Vincent Smith, 74 painter, died Dec 27 in Manhattan of lymphoma complicated by the agency of pneumonia. Smith was a prominent member of the black arts motion of the 1960s and '70 A painter of colorful, socially informed canvases that depict everyday life, he frequently mixed sand into his paint, sometimes combined with collage, to create textur surfaces. A Brooklyn native, he studied at the Brooklyn Museum Art place of education and the Skowhegan School of Painting in Maine. He received fellowships in the 1970 that allowed him to travel and inquiry in Africa and Europe. He also produc illustrations for parts on jazz and blues by the agency of his friend, poet Amiri Baraka. brace of his murals can be seen at the 116th highway station on the No. 2 line of the recently made known York City subway. Smith's in the greatest degree recent show was at Alexandre Gallery in fall 2003 [see review p 133]
Jill Kornblee, 84 influential contemporary art dealer, died of cancer upon Jan. 29 in Branford, Conn In 1961 she was united of three partners who bought Barone Gallery upon Madison Ave. She soon acquired her partners' interests and began operating the gallery beneath her name. Among the artists she showed were Howard Hodgkin, Dan Flavin, Malcolm Morley, Rackstraw Downes and Janet Fish. In the mid-'60s, she mov the gallery to 79th highway and then, in the late '70 to 57th road where it remained until her retirement in 1986
Therese Thau Heyman, 74 curator and photography dexterous died Jan. 16 of pneumonia in Berkeley. athwart the years, she worked at the Yale University Art Gallery, the National Museum of American Art and the Oakland Museum of California, and serv in succession the board of the Smith community Museum of Art. She co-authored or contributed to several parts including Dorothea Lange: American Photographs and Picturing California: A centenary of Photographic Genius.

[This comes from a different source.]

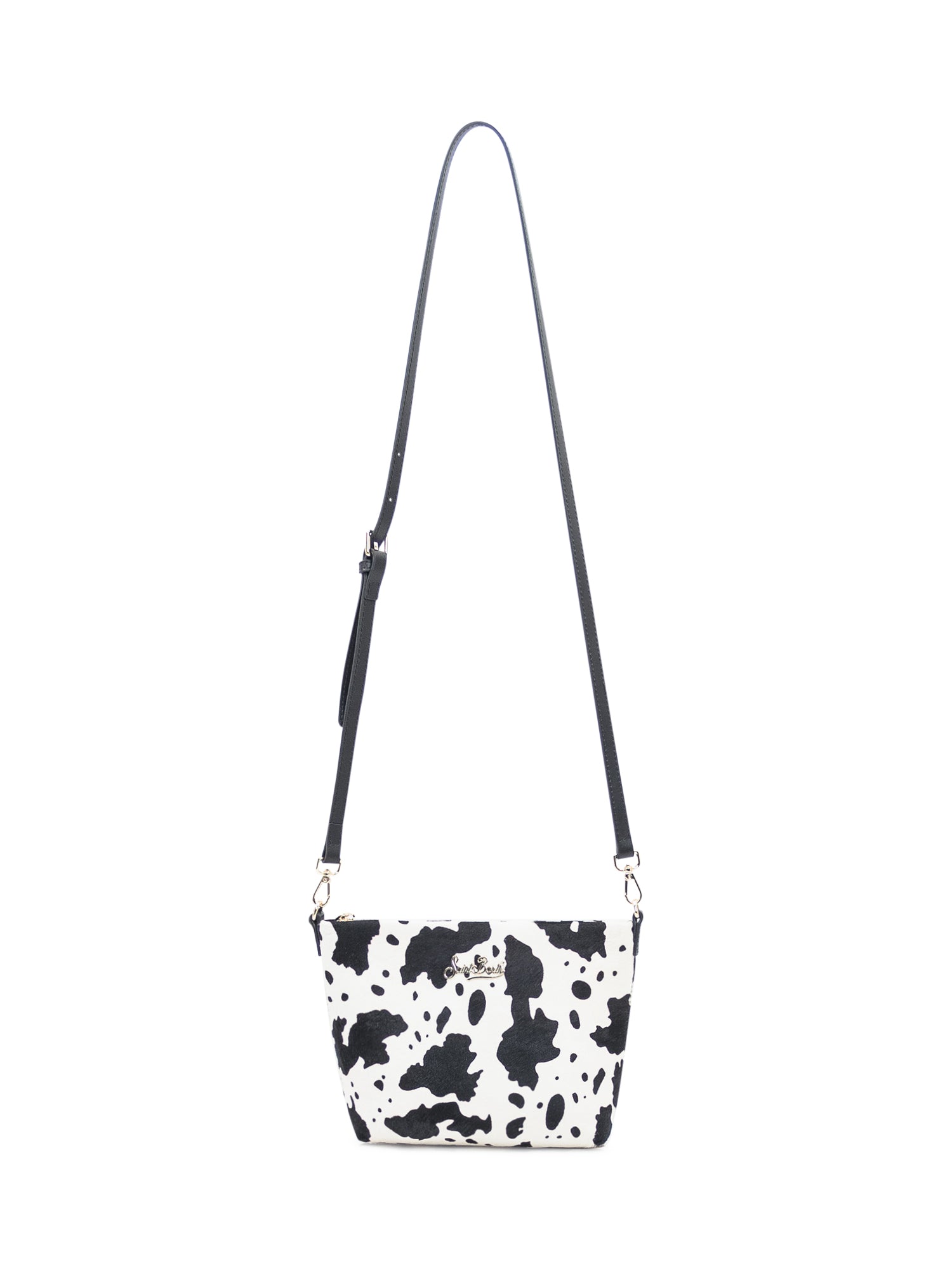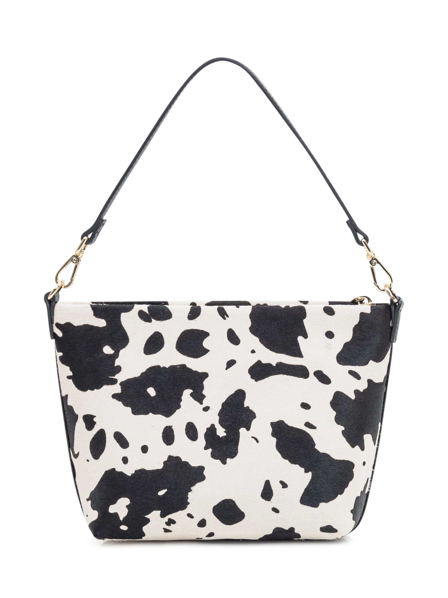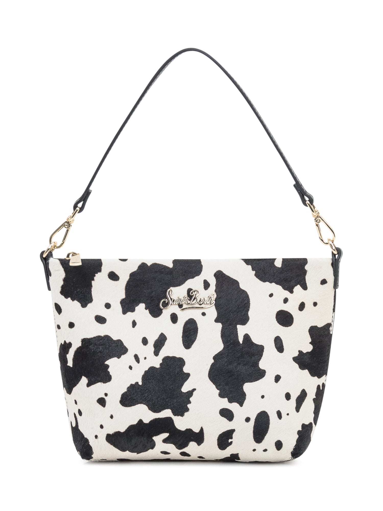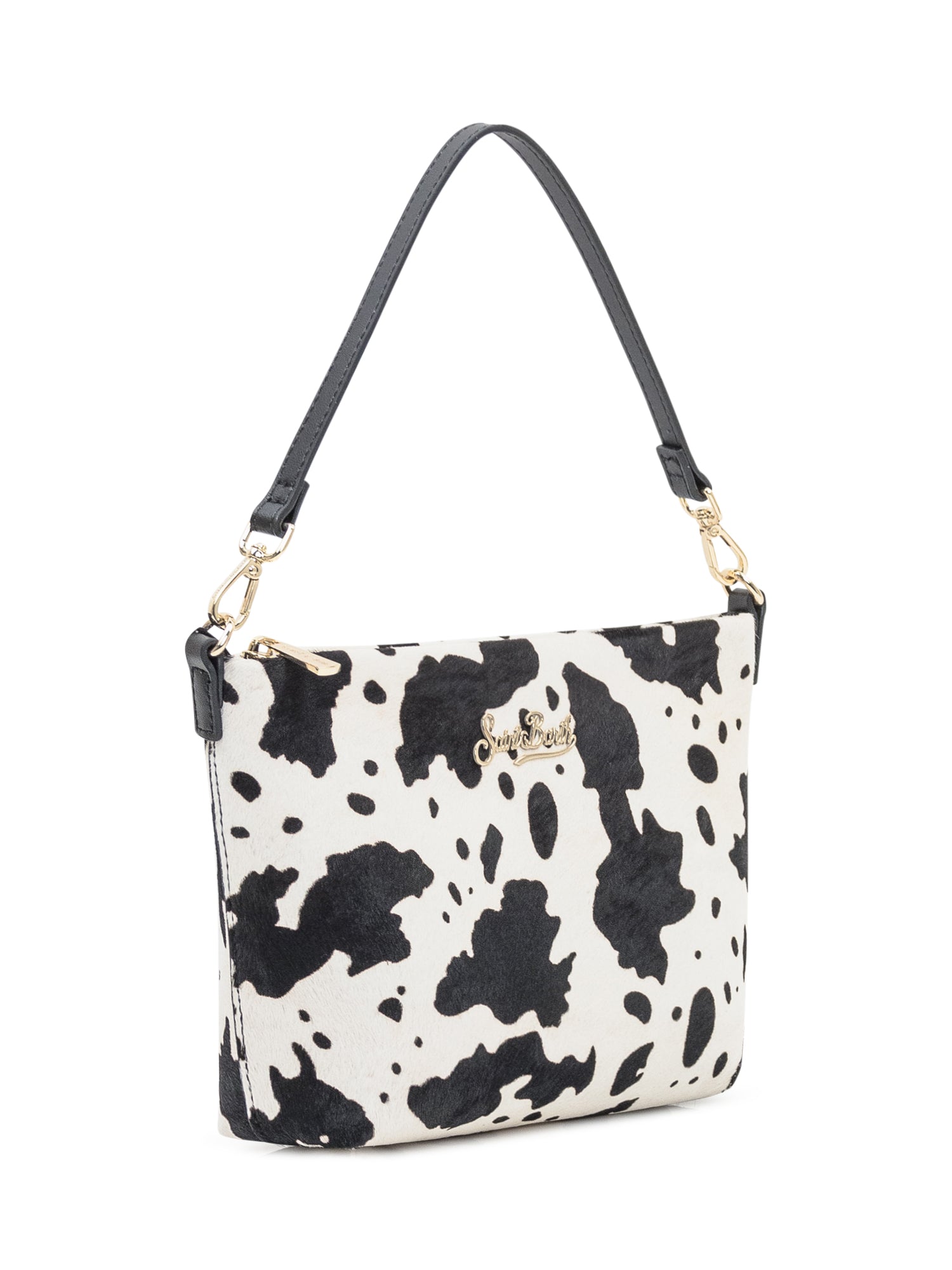 Borsa Aline MC2 Saint Barth in cavallino sintetico con fantasia maculata bianco e nero, manico a spalla rimovibile e logo frontale.

Michael Straight, former editor, then publisher, of the recently made known Republic, State Department economist, political consultant and speechwriter during the Roosevelt administration, died of cancer Jan. 4 age 87 He was legate chairman of the National Endowment for the Arts from 1969 to 1977
During the mid-1930s, while he was at Cambridge University, the U.S.-born Straight became completely involved with a now notorious assign places to of young British Communists who spied for the Soviet Union. Straight himself was recruited in 1937 by dint of the charismatic art-historian-to-be, Anthony pointless Though Straight had intended to follow up a political career in Britain after leaving the university, he was dispatched by the agency of Blunt to Washington, D.C., with orders to obtain a conduct job, which he did. In to be paid course he was put in touch with a Soviet agent. In the aftermath of the 1939 Nazi-Soviet pact, Straight became disillusioned with the Communist party and withdrew from shrubbery activities.